**Exercise**
Reproduce exactly the opening lines of the listing, stopping after the line that contains "The final product!" and including it.

**Input material**
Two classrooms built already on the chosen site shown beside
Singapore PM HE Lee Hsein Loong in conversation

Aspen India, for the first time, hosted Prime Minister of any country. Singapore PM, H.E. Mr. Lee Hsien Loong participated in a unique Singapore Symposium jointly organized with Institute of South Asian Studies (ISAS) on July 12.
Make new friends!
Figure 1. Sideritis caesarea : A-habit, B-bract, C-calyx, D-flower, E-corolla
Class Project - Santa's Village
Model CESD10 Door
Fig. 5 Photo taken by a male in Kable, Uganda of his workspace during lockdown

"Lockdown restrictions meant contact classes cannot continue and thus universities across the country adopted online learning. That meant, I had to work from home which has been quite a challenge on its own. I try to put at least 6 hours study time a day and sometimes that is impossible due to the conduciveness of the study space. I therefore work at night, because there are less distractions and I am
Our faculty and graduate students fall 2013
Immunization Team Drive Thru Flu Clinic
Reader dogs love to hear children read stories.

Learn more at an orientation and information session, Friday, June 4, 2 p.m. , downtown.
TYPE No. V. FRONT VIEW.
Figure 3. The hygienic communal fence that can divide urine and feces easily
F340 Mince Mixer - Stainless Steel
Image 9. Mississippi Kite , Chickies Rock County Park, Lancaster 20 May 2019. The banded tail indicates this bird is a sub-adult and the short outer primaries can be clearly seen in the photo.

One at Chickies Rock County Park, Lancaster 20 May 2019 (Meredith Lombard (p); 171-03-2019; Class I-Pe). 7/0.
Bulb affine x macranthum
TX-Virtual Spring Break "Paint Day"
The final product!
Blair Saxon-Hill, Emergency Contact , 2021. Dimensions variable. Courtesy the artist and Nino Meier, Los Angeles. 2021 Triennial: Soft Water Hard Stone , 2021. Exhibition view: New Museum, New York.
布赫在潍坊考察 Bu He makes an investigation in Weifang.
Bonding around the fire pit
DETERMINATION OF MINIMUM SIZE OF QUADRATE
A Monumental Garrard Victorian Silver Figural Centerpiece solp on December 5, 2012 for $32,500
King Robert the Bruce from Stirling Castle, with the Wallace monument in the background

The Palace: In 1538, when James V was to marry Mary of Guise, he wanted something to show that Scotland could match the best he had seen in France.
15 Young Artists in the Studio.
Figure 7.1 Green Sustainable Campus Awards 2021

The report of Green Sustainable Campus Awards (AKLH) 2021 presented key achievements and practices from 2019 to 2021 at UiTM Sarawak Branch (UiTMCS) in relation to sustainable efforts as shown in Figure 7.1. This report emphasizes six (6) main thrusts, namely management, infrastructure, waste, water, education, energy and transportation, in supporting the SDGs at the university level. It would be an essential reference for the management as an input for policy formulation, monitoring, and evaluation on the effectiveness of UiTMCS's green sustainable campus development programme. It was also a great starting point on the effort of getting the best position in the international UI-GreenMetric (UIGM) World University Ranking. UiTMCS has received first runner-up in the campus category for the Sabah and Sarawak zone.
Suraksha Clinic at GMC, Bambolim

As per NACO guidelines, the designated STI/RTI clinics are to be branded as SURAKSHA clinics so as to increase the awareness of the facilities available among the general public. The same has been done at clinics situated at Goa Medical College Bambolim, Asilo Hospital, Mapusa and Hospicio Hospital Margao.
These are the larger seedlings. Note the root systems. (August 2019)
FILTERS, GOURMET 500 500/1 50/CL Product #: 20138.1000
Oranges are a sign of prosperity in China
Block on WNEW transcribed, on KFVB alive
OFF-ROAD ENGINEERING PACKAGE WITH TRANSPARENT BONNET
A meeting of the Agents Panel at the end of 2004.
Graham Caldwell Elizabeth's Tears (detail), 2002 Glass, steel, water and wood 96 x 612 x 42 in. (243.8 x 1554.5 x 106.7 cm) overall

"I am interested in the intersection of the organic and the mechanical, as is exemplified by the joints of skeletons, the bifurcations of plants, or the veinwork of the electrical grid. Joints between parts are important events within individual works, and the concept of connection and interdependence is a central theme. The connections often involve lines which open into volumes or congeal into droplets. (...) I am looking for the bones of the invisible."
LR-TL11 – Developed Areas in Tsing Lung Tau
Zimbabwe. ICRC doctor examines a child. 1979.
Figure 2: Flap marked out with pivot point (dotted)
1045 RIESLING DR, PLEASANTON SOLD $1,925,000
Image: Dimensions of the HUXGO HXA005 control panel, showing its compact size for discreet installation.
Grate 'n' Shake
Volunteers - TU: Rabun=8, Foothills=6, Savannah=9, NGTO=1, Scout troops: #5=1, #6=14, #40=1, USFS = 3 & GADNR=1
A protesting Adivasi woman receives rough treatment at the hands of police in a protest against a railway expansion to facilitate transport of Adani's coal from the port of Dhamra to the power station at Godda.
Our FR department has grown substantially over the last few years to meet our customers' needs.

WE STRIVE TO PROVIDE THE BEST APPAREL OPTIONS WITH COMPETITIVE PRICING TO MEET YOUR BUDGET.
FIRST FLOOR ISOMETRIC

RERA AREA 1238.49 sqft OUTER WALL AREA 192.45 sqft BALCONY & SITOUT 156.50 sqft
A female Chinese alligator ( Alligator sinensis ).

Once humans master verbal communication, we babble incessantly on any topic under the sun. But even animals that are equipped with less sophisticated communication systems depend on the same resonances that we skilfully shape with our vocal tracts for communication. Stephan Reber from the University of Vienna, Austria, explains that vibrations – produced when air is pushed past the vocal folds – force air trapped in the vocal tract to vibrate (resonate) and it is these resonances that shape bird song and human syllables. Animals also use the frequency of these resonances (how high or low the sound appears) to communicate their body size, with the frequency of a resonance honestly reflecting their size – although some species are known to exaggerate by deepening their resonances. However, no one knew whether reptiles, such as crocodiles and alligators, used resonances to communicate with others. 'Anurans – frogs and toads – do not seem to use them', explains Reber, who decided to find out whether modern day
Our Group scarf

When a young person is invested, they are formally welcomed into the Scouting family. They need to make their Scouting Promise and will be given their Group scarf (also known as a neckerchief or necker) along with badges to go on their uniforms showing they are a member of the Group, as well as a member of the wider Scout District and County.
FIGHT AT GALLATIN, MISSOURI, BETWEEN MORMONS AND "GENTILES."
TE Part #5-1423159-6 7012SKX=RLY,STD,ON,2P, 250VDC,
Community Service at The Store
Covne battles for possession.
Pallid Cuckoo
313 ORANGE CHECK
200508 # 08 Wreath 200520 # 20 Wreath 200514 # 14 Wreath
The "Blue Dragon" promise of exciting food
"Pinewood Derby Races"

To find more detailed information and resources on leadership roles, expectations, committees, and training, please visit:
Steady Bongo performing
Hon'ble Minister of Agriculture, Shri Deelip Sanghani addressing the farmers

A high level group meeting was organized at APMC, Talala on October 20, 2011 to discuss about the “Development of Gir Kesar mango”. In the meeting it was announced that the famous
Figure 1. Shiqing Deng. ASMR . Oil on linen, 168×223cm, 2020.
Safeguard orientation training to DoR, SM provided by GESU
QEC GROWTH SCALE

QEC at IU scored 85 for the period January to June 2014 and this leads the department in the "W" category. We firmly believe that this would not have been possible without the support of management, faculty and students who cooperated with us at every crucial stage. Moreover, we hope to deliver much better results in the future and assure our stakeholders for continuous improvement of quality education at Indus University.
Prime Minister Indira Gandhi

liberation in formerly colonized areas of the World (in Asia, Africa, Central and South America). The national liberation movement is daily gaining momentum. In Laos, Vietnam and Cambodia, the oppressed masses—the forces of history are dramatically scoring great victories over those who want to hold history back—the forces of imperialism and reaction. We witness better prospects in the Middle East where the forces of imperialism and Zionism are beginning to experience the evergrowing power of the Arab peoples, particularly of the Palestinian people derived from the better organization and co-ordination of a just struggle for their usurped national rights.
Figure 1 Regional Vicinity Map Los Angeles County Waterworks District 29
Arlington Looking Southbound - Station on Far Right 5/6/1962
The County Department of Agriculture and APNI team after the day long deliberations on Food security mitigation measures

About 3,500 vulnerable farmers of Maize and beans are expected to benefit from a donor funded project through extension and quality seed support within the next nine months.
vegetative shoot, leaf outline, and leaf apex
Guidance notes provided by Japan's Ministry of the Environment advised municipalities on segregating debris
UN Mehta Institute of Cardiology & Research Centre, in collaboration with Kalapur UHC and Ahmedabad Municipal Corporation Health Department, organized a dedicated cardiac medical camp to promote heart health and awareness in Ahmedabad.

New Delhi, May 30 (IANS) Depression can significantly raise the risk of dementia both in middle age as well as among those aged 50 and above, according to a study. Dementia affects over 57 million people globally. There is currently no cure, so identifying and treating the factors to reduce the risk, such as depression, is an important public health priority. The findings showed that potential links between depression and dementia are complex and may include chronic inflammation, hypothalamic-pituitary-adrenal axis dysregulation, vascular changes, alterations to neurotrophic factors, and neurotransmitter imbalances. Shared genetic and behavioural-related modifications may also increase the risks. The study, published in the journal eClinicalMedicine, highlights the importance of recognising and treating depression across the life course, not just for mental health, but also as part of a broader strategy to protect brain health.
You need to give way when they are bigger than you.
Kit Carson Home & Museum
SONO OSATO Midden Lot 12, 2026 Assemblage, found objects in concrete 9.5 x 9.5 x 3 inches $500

**Solution for this task**
Two classrooms built already on the chosen site shown beside
Singapore PM HE Lee Hsein Loong in conversation

Aspen India, for the first time, hosted Prime Minister of any country. Singapore PM, H.E. Mr. Lee Hsien Loong participated in a unique Singapore Symposium jointly organized with Institute of South Asian Studies (ISAS) on July 12.
Make new friends!
Figure 1. Sideritis caesarea : A-habit, B-bract, C-calyx, D-flower, E-corolla
Class Project - Santa's Village
Model CESD10 Door
Fig. 5 Photo taken by a male in Kable, Uganda of his workspace during lockdown

"Lockdown restrictions meant contact classes cannot continue and thus universities across the country adopted online learning. That meant, I had to work from home which has been quite a challenge on its own. I try to put at least 6 hours study time a day and sometimes that is impossible due to the conduciveness of the study space. I therefore work at night, because there are less distractions and I am
Our faculty and graduate students fall 2013
Immunization Team Drive Thru Flu Clinic
Reader dogs love to hear children read stories.

Learn more at an orientation and information session, Friday, June 4, 2 p.m. , downtown.
TYPE No. V. FRONT VIEW.
Figure 3. The hygienic communal fence that can divide urine and feces easily
F340 Mince Mixer - Stainless Steel
Image 9. Mississippi Kite , Chickies Rock County Park, Lancaster 20 May 2019. The banded tail indicates this bird is a sub-adult and the short outer primaries can be clearly seen in the photo.

One at Chickies Rock County Park, Lancaster 20 May 2019 (Meredith Lombard (p); 171-03-2019; Class I-Pe). 7/0.
Bulb affine x macranthum
TX-Virtual Spring Break "Paint Day"
The final product!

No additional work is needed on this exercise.